Para este punto la sangre solo lo excita más. Me voltea, me abre las piernas y me lleva hacia sí y yo,
por las lágrimas de Lucifer, le agradezco. De nuevo las embestidas, pero esta vez no se trata de él,
sino de mí. Siento la sangre fluir por sus venas, el torrente es una cascada de adrenalina. Soy el
marinero de aquel río carmesí que nace en la violencia y desemboca en la muerte. Su olor fétido de
abusador mortal comienza a molestarme y aprieto su cadera con mis piernas y nos fundimos en un
abrazo de asco y odio. Somos Caín violando a Abel.
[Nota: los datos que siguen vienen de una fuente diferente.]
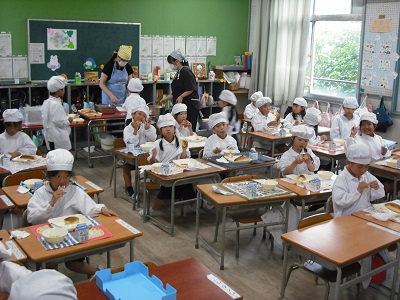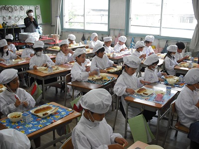 1年生の子どもたちは、お腹がペコペコでのようです。今日も栄養満点、美味しい給食、しっかりと食べましょう。
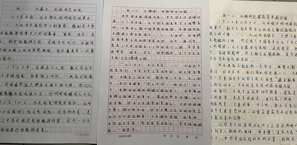 同学们在文字中回望北平学生的呐喊,将“爱国、进步、担当”的精神与建筑专业“筑基立梁”的特质相联结——不少作品提及“以专业所学建强国之基,以青年之肩担时代之责”,让历史精神照进了当代大学生的成长实践,也展现出新时代建工人“有理想、敢担当”的精神风貌,让爱国精神在青年群体中焕发新的时代光彩,也展现出新时代建工人“有理想、敢担当”的精神风貌。
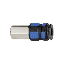 Schnellverschlusskupplung NW 7,8, hoher Durchfluss, G 1/2 IG, Betriebsdruck 0 - 35 bar, Mediums-/Umgebungstemp. -20 °C bis 40 °C. Einseitig absperrende Einhand-Schnellverschlusskupplung mit hoher Durchflussleistung (etwa doppelt so hoch wie bei der gängigen Standardkupplung NW 7,2) bei gleichzeitig minimierten Kuppelkräften. Für alle Anwendungen mit überdurchschnittlich hohem Luftbedarf! Um Verletzungen oder den "Peitschenhiebeffekt" zu vermeiden, empfehlen wir den Stecknippel beim Entkuppeln mit einer Hand festzuhalten. Diese Schnellverschlusskupplung eignet sich nicht für die direkte Montage an pulsierendem Werkzeug. Wir empfehlen die Verwendung unserer Vibrationsdämpfer, gemäß ISO 6150, § 7.1. Einsatzgebiete: Pneumatik, Maschinen- und Anlagenbau, Mess-, Regel- und Steuerungstechnik, Fertigungsindustrie, Medizintechnik, Chemie-/ Pharmaindustrie, Werkstätten, Automotive, Nahrungsmitteltechnik, Luftfahrttechnik.
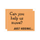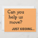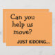 Este é um simples design de texto minimalista com duas fontes e uma sarcástica e engraçada piada na frente que diz: Você pode nos ajudar a nos mover? Só brincando...num fundo laranja vibrante. O verso diz: Mas nós conseguimos! Anote nosso novo endereço e há uma modelo de texto para você adicionar seu novo endereço ou você pode apagar essa peça e gravá-la manualmente. #endereço novo
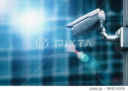 External security camera on pole in front of glass building wall
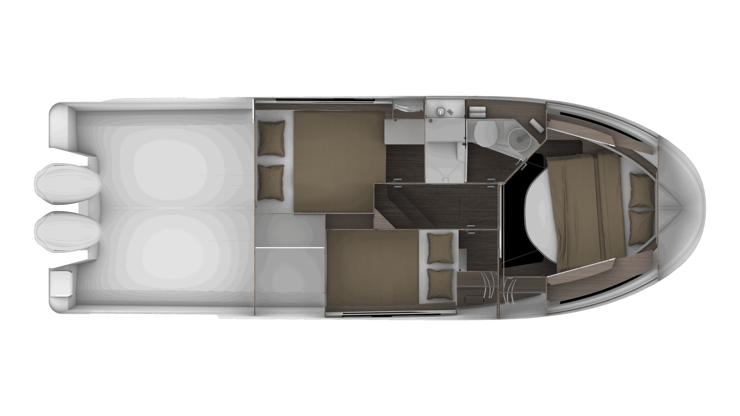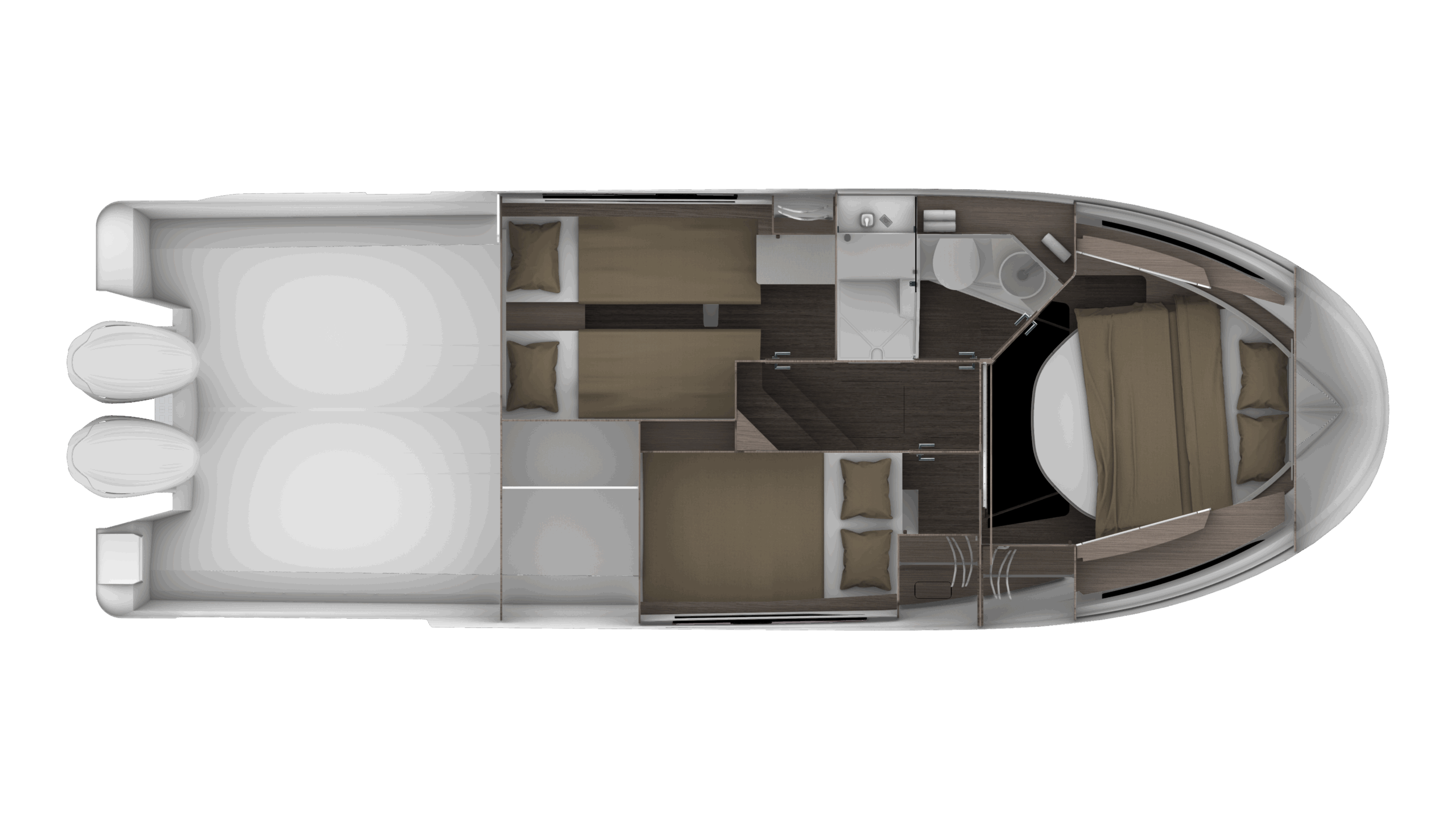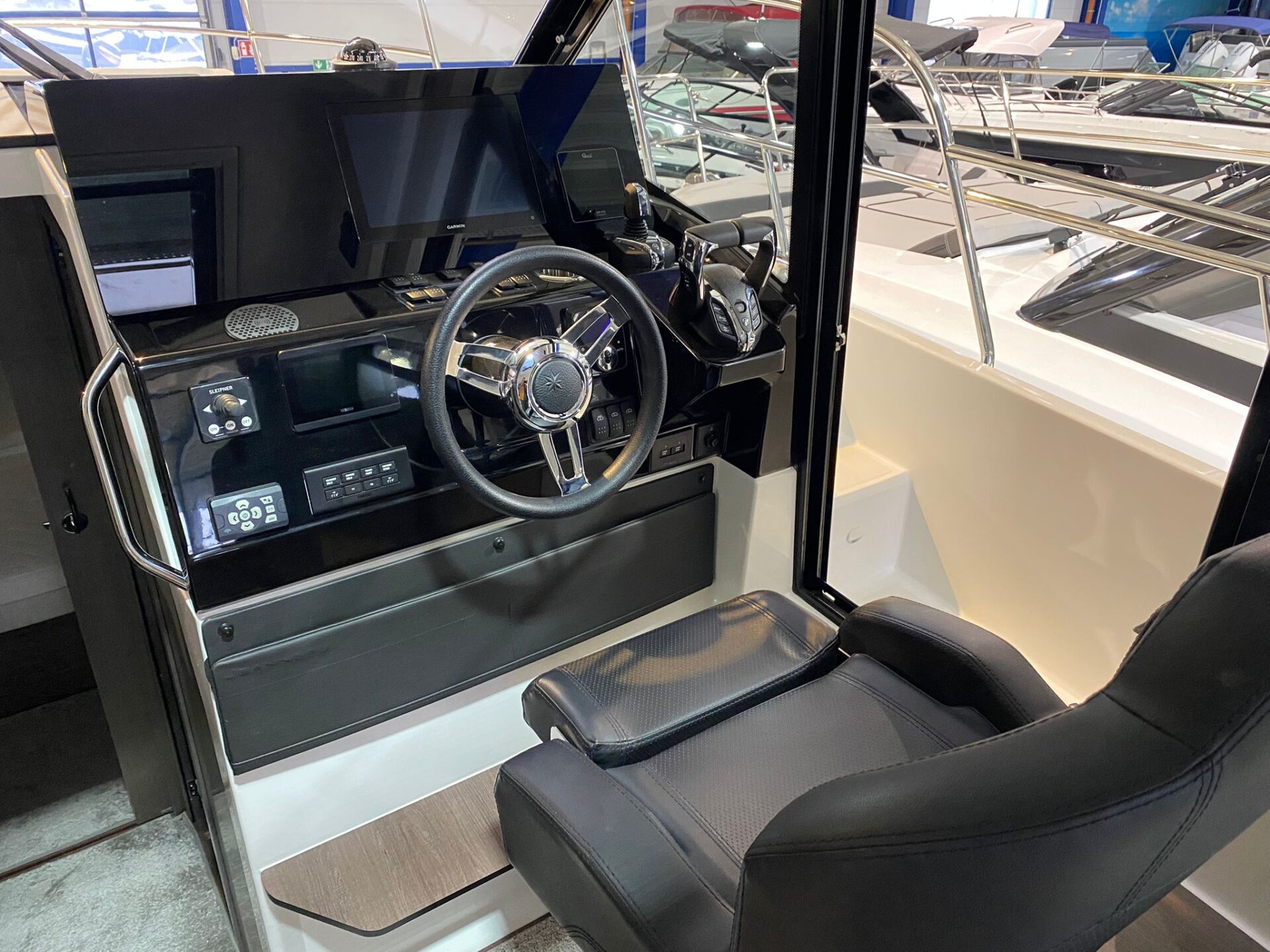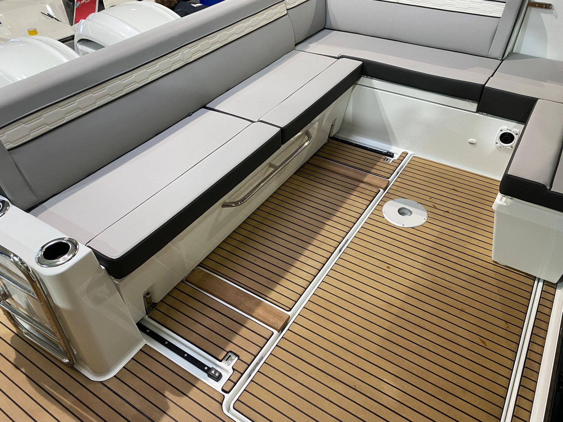- Trim Level Premiere Paket: Elektrische Ankerwinde, Cockpit Dusche, Ambiance LED indirekte Beleuchtung, LED Cockpitbeleuchtung, Elektrische Trimmklappen Lenco, 230 V Warmwasserbolier, Innengardinen, 2 Cockpitstrahler, Angelrutenhalter

Es entonces cuando mi abrazo se hace inexpugnable y me convierto en prisión. Medusa y su


prisionero de piedra. Grita cuando mis ojos se vuelven totalmente negros y sonrío, y mis colmillos le
aterran con el brillo plateado de una luna hostil. Aprieto y quiebro su pelvis, mis garras se hunden
debajo de sus costillas y sus quejidos de cerdo de matadero acarician mis oídos. Quiere huir y ruega
¡Ruega!

Para este momento mis orificios ya han sanado, mi piel ya no sangra y puedo alimentarme. Abro
mis fauces y clavo mis caninos en su yugular, entonces eyaculo.

Me lo hizo a mí, pero no se lo hará a nadie más.